Parlant au nom des communistes et apparentés italiens, je ne m'arrèterai que sur quelques aspects, parce que je n'ai pas davantage le temps d'exprimer nos préoccupations.
En matière de coopération, M. Genscher nous a parlé des graves problèmes que nous posent les pays en voie de développement, et il touche par exemple au problème de leur endettement. Que propose-t-il? Consolider cette dette, la réduire, l'annuler? Et pourtant, de telles décisions devront sous-tendre très tôt notre politique à l'égard du tiers monde. Il nous parle de l'engagement que l'Europe doit prendre pour éviter que le processus de paix ne s'enlise, pour que soient exploitées toutes les chances de faire avancer la détente et d'arrêter la course aux armements avec la volonté de réussir. Il ne dit pas un mot sur les fortes pressions exercées quotidiennement sur chacun de nos pays, à l'Ouest non moins qu'à l'Est, pour saper cet accord fragile et incertain qui s'est établi entre nos pays, pas un mot sur la nécessité de renforcer cette unité des volontés, y compris sur le plan de la coopération politique. M. Genscher nous parle de la lutte contre le chômage comme première priorité, et tout ce qu'il nous propos
e est un accroissement des dépenses pour la formation professionnelle et un soutien d'une ampleur non précisée à la petite et moyenne industrie. C'est vraiment trop peu, Monsieur Genscher, pour un si grave problème!

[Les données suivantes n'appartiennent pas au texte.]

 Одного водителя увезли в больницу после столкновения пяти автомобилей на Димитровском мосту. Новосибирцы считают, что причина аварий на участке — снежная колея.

Vous mentionnez, Monsieur Genscher, le développement du marché intérieur, comme deuxième tâche prioritaire, et vous n'avez pas un mot pour dire que, si les frontières internes sont l'occasion de beaucoup d'abus, elles sont essentiellement dues au fait que les taux de la TVA varient encore largement d'un pays à l'autre et que rien n'est entrepris pour les harmoniser. Et vous ne consacrez que quatre lignes à la nécessité d'entreprendre enfin la politique commune des transports! Connaissez-vous, Monsieur Genscher, la résolution du Parlement européen qui propose d'engager contre le Conseil une action auprès de la Cour de justice pour ne pas avoir rempli les taches que le Traité lui imposait dans ce domaine?

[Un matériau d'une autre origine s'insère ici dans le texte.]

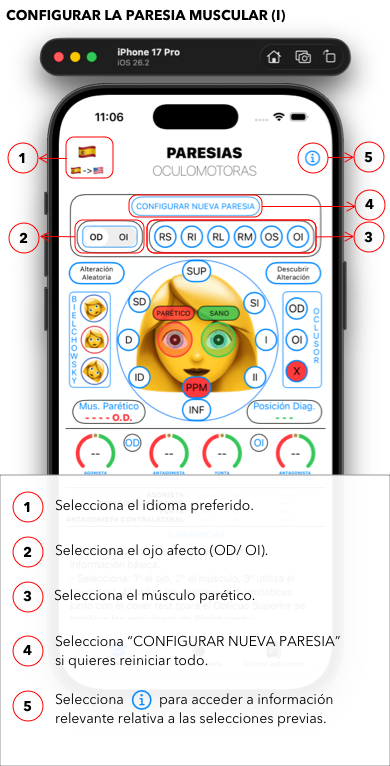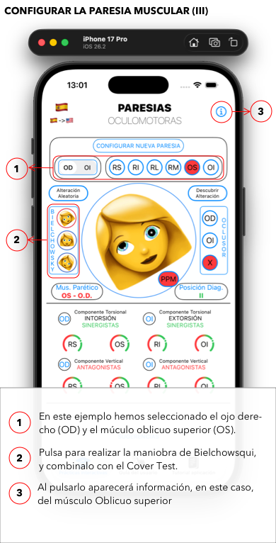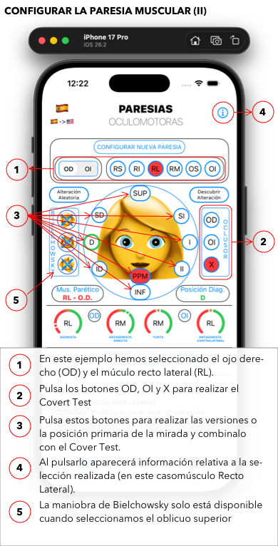 Es una App muy teórica y técnica en la que podréis, en un sujeto simulado, experimentar con las maniobras de Cover Test y de Bielchowsky (inclinación de la cabeza) el comportamiento de las paresias de los diferentes músculos extraoculares y sus interacciones con el resto de la musculatura extraocular de ambos ojos.

Vous parlez, troisième priorité, de l'élargissement, et rien dans vos propos n'indique si le Conseil approche ou non de la conclusion!

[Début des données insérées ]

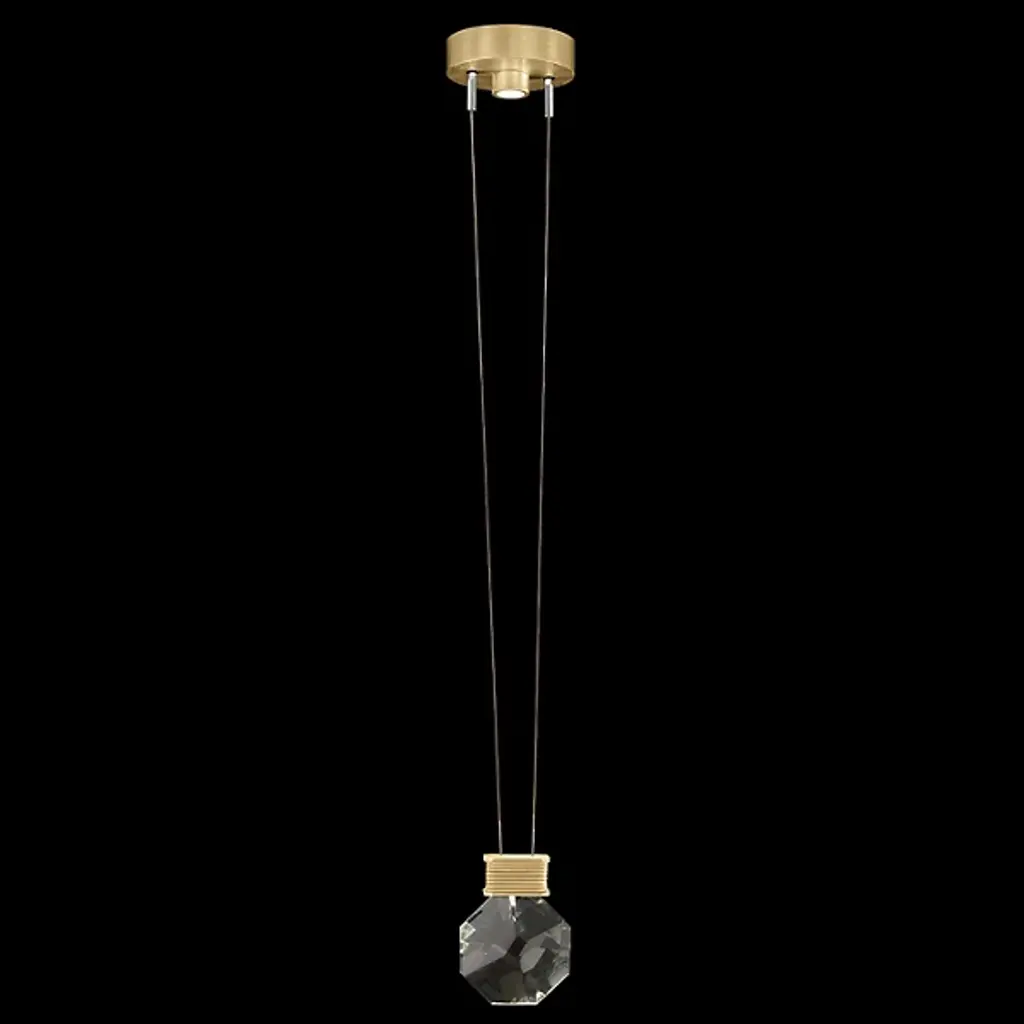 Skillfully designed, the Aria Octagon LED Mini Pendant from Fine Art Handcrafted Lighting hangs gracefully from a circular wall plate, supported by a slender yet robust cable, offering adjustable height reminiscent of the sophistication of necklace charms. Each detail is meticulously fashioned, showcasing a small banded accent adorned with an opulent faceted optic crystal charm that gleams like precious gems, captivating attention with its radiant allure. Whether you desire the soft, reflective glow of light streaming through the crystal or the functional illumination it provides, the integrated LED lights cater to your lighting preferences with elegant aplomb. Combining elements of Artisanal Modern and Transitional styles, this pendant brings an elegant touch to any space.

Je ne m'arrête pas sur la longue liste des étapes qui devraient être franchies pour faire avancer les politiques communes, mesures sages dans la plupart des cas, la capacité du Conseil de prendre des décisions étant cependant l'inconnue par excellence. Vous êtes conscient, Monsieur Genscher, qu'il n'est pas possible, dans cette situation, d'avancer avec le système institutionnel que nos peuples s'étaient donné il y a vingt-cinq ou trente ans; vous l'avez répété plusieurs fois. Vous savez que le plan dit Genscher-Colombo piétine, pour ne pas dire qu'il est déjà sur une voie de garage. Vous savez pertinemment que ce Parlement a l'intention de proposer aux gouvernements et aux parlements de nos pays un projet de traité instituant enfin cette union dont la réalisation est prévue par les traités et invoquée dans d'innombrables déclarations: or, vous ne trouvez pas un mot pour en parler!
Monsieur Genscher, ce n'était pas cet ensemble de mots vagues et de silences savants ou embarrassés que nous attendions de vous aujourd'hui. Vous ne serez donc pas étonné que nous ne vous ayons pas applaudi.